Share your successes and thoughts!

Rowing WOD 12/29: 2x2k w/ 5min Rest – Post Goal Split and Experience

Rowing WOD 12/29:

2 x 2k w/ 5min rest

Mike w/ nice Preparation on his first day back from the Holiday

Mike w/ nice Preparation on his first day back from the Holiday

1st 2k: 

  • 750m @ Race Pace
  • 250m @ 18 spm (paddle light)
  • 750m @ Race Pace
  • 250m @ 18 spm (paddle light)

Rest 5min

2nd 2k: 

  • 750m @ Race pace
  • 500m @ 18 spm (paddle light)
  • 750m @ Race Pace

Have you ever wished you could get a feel for Fran before competing so that you know what to plan for mentally and physically?  If you’re competing at the Renegade Rowing League on January 19th or CRASH-B’s on February 17th I’m sure you’re thinking about that 2k.  What will it feel like?  How should it be paced?  What can I do to improve upon my last 2k?

Today’s Rowing WOD is a great way to test out the race pace you’d like to hold on your next 2k.  Set the monitor for 2,000m of work and 5 minutes of rest.  During the first 750m hold your ideal race pace and really execute with intensity.  Then paddle out for the next 250m .  At the 1000m mark build back up and row the next 750m at race pace.  Finish with a  paddle to recover.  The second 2k will be executed similarly.

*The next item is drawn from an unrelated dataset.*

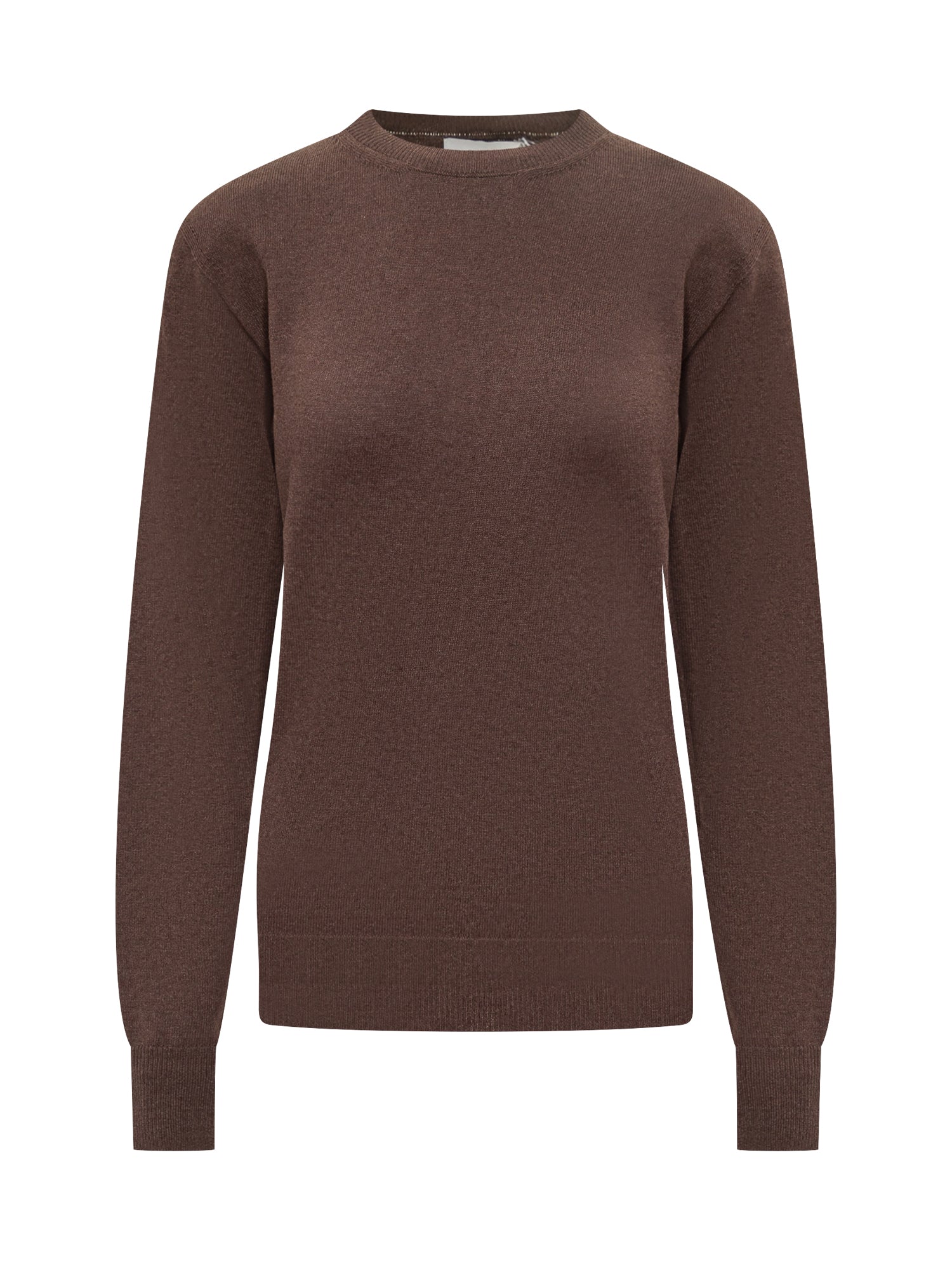 Stella McCartney brown wool sweater with crewneck and minimal lines.

To see your consistency during the race pace portions set the monitor to record split lengths of 250m.  This is done on the screen when you enter the work and rest.  After the workout go into the memory and check it out.

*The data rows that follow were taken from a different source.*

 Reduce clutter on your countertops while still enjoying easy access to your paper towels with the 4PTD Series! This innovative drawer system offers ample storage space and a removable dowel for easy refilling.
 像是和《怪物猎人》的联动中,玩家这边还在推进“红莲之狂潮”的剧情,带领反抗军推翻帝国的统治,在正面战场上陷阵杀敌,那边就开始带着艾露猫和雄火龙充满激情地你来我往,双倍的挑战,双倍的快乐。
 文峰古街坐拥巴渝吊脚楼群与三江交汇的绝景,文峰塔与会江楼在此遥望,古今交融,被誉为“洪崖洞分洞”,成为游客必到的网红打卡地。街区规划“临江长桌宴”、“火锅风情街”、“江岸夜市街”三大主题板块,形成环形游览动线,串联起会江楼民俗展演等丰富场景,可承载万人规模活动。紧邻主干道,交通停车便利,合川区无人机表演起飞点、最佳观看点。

Post your goal 500m Split and how you executed the 750m portions to achieve it.

Rowing WOD 12/28: Partner WOD – Accumulate 3k and Max Double Unders – Post Time and Double Unders

Rowing WOD 12/28:

Monica getting after the Double Udner

Monica getting after the Double Under

Partner WOD

Accumulate 3k Row and Max Double Unders

(1 person rows, 1 person does double unders)

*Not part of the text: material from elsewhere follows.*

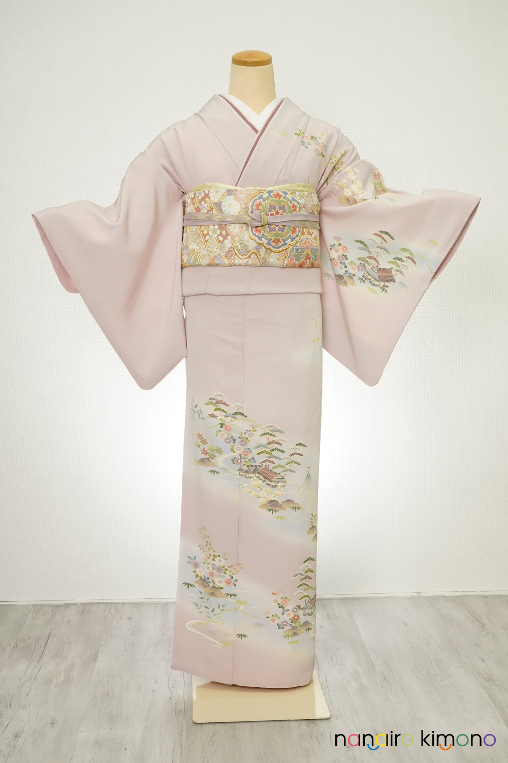 淡いグリーン地にかわいらしいお花柄の訪問着です。

As we head toward the New Year it’s time to reconnect and catch up with friends and loved ones.  Use today’s Rowing WOD as an opportunity to work hard together and feel good going into the New Year.

Competition is a big part of rowing and sports, especially when there are teams or communities involved.  While the thrill of intrinsic motivation should be what drives us, we should not forget about the power of the opponent or the teammate in competition.  We can push ourselves as individuals, but the opportunity to push ourselves against others will only make us better.

For today’s Rowing WOD put together teams of two and compete.  You and your partner can switch whenever you want.  What will be your strategy? (If you have to do this on your own then accumulate 2k by rowing 500m intervals and performing double unders for the amount of time it took you to row the 500m.)

Post your time and max double unders to comments.  Team Names Encouraged!

Rowing WOD 12/27: “Hills” 3x10min w/ 4min Rest – Post Distance for Each Piece

Rowing WOD 12/27:

“Hills”

3 x 10min w/ 4min Rest as follows …

4min @22 s/m

3min @24

2min @26

RR Finish Timing1min @28

I hope everyone had a great holiday and is ready to get back to training.  We did this Rowing WOD a few weeks ago.  This time the ratings are shifted down a bit to let us work off that holiday sluggishness and really bring back our focus on technique.  Everyone should be feeling for connection, suspension, and body preparation.  Try to be smooth, effortless, and natural.

Rowing is a beautiful sport in that you create the resistance and determine how fast the boat moves.  That being said, keep in mind that you get out what you put in for things like strength, conditioning, and Rowing.  Ease into this workout for the first four minutes by finding your rhythm and breathing.  However, as the stroke rating goes up make sure you’re putting in the effort to bring the 500m split down and keep consistent pressure.

Set the monitor for 10 minutes of work and 4 minutes of rest.  During each ten minute piece follow the prescribed rating shifts.

Post your distance for each piece to comments.